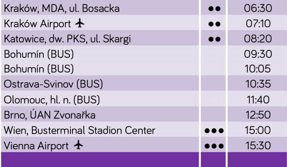 W kierunku Wiednia natomiast odjazd autobusu z Krakowa jest o godzinie 6:30. Szczegółowy opis relacji poniżej.
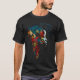 I give wanted to give this a 4 instead of a 5 because these Basic DARK T0shirts run unexpectedly SLIM or Narrow. Which is great if you do not have a potbelly, but I have a paunch. It isn't the shirt's fault that I've got a beer belly. The design and shirt itself is a quality cotton shirt. The color is more of a deep purple, but still a very pretty color. The Basic DARK T-shirts run a bit SLIMMER than the Basic Ts. The neck is a fraction narrower (or seems to be narrower) also. I'm a paunchy middle-aged woman and my neck is 12 inches (31cm) thick and the neckline fell about the same as in the photo of the man, and I had the desire to tug it a bit. So if you're a thick necked man or like loose shirts, be aware these are slimmer shirts. Once I get rid of my lockdown paunch it'll look great. The shirt washed well in cold water with no apparent bleeding. We don't have a dryer, so it hung dry. Did not shrink. Love the colors and the design. The design looks smaller on my shirt than it does on the model on-line. But still, it looks good on the shirt. The printing looks as it does on the model, just the size seems fractionally smaller. Washed garment in cold water, hung dry and design appeared unaffected.
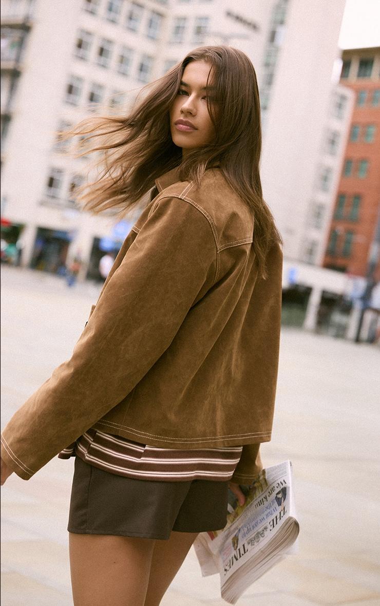 Update your outerwear with the tan pocket detail faux suede jacket. Made from a tan faux suede material, this jacket features structured tailoring and pocket accents for a utility-inspired edge. Style with tailored pants or a mini skirt and some comfy sneakers for a polished look.Length approx 48.5cm/19inch (Based on sample size S)Model wears size SModel Height - 5ft 8inchp]:!mb-4inch>Brand: PrettyLittleThingCategory: OuterwearProduct type: JacketColor: TanMaterial: Faux SuedeOccasion: Day

_____

> [Aim of the exercise]: An exact copy of every line above is needed, without the images.

> [Answer space]:
 W kierunku Wiednia natomiast odjazd autobusu z Krakowa jest o godzinie 6:30. Szczegółowy opis relacji poniżej.
 I give wanted to give this a 4 instead of a 5 because these Basic DARK T0shirts run unexpectedly SLIM or Narrow. Which is great if you do not have a potbelly, but I have a paunch. It isn't the shirt's fault that I've got a beer belly. The design and shirt itself is a quality cotton shirt. The color is more of a deep purple, but still a very pretty color. The Basic DARK T-shirts run a bit SLIMMER than the Basic Ts. The neck is a fraction narrower (or seems to be narrower) also. I'm a paunchy middle-aged woman and my neck is 12 inches (31cm) thick and the neckline fell about the same as in the photo of the man, and I had the desire to tug it a bit. So if you're a thick necked man or like loose shirts, be aware these are slimmer shirts. Once I get rid of my lockdown paunch it'll look great. The shirt washed well in cold water with no apparent bleeding. We don't have a dryer, so it hung dry. Did not shrink. Love the colors and the design. The design looks smaller on my shirt than it does on the model on-line. But still, it looks good on the shirt. The printing looks as it does on the model, just the size seems fractionally smaller. Washed garment in cold water, hung dry and design appeared unaffected.
 Update your outerwear with the tan pocket detail faux suede jacket. Made from a tan faux suede material, this jacket features structured tailoring and pocket accents for a utility-inspired edge. Style with tailored pants or a mini skirt and some comfy sneakers for a polished look.Length approx 48.5cm/19inch (Based on sample size S)Model wears size SModel Height - 5ft 8inchp]:!mb-4inch>Brand: PrettyLittleThingCategory: OuterwearProduct type: JacketColor: TanMaterial: Faux SuedeOccasion: Day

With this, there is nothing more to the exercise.